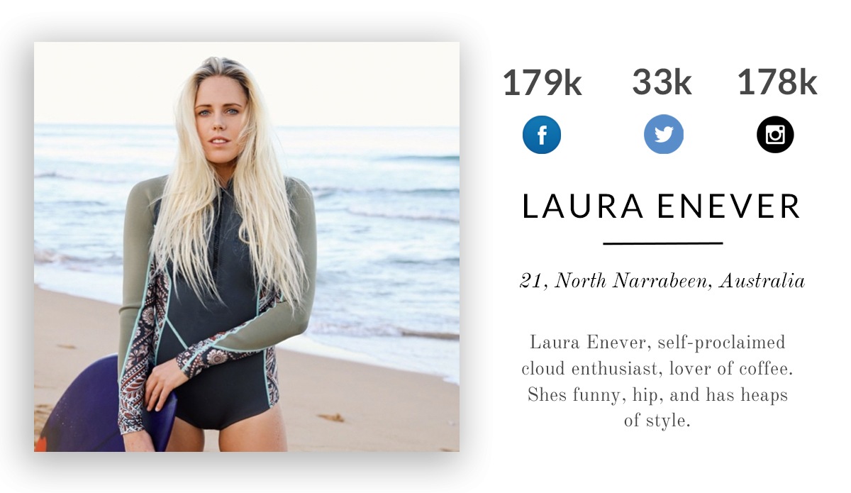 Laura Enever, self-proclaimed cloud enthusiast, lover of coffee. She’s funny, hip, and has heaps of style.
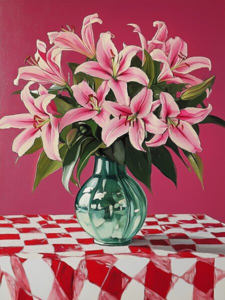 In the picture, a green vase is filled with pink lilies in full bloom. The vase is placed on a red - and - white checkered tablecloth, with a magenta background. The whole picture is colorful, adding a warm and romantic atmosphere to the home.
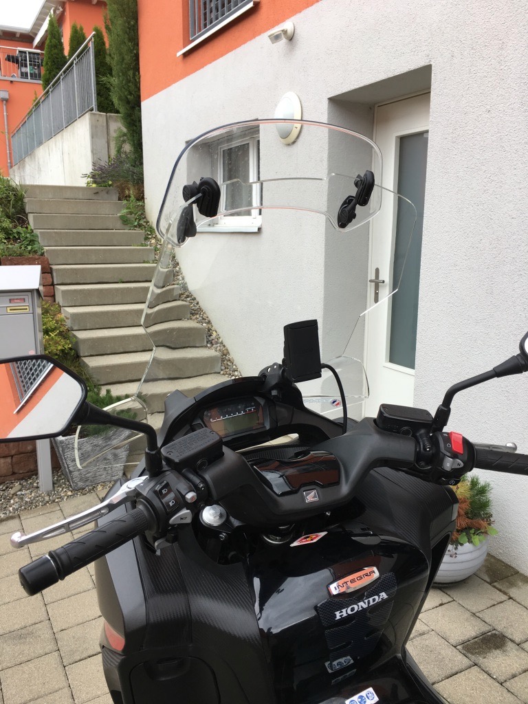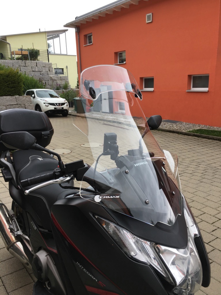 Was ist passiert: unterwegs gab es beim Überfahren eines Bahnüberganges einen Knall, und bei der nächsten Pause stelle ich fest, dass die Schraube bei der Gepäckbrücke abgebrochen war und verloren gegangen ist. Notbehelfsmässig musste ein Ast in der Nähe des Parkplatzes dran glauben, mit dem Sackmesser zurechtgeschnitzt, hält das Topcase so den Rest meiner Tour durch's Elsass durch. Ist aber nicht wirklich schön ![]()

What you are asked to do
Leave the pictures out and transcribe the remaining material exactly.

Exercise output
 Laura Enever, self-proclaimed cloud enthusiast, lover of coffee. She’s funny, hip, and has heaps of style.
 In the picture, a green vase is filled with pink lilies in full bloom. The vase is placed on a red - and - white checkered tablecloth, with a magenta background. The whole picture is colorful, adding a warm and romantic atmosphere to the home.
 Was ist passiert: unterwegs gab es beim Überfahren eines Bahnüberganges einen Knall, und bei der nächsten Pause stelle ich fest, dass die Schraube bei der Gepäckbrücke abgebrochen war und verloren gegangen ist. Notbehelfsmässig musste ein Ast in der Nähe des Parkplatzes dran glauben, mit dem Sackmesser zurechtgeschnitzt, hält das Topcase so den Rest meiner Tour durch's Elsass durch. Ist aber nicht wirklich schön ![]()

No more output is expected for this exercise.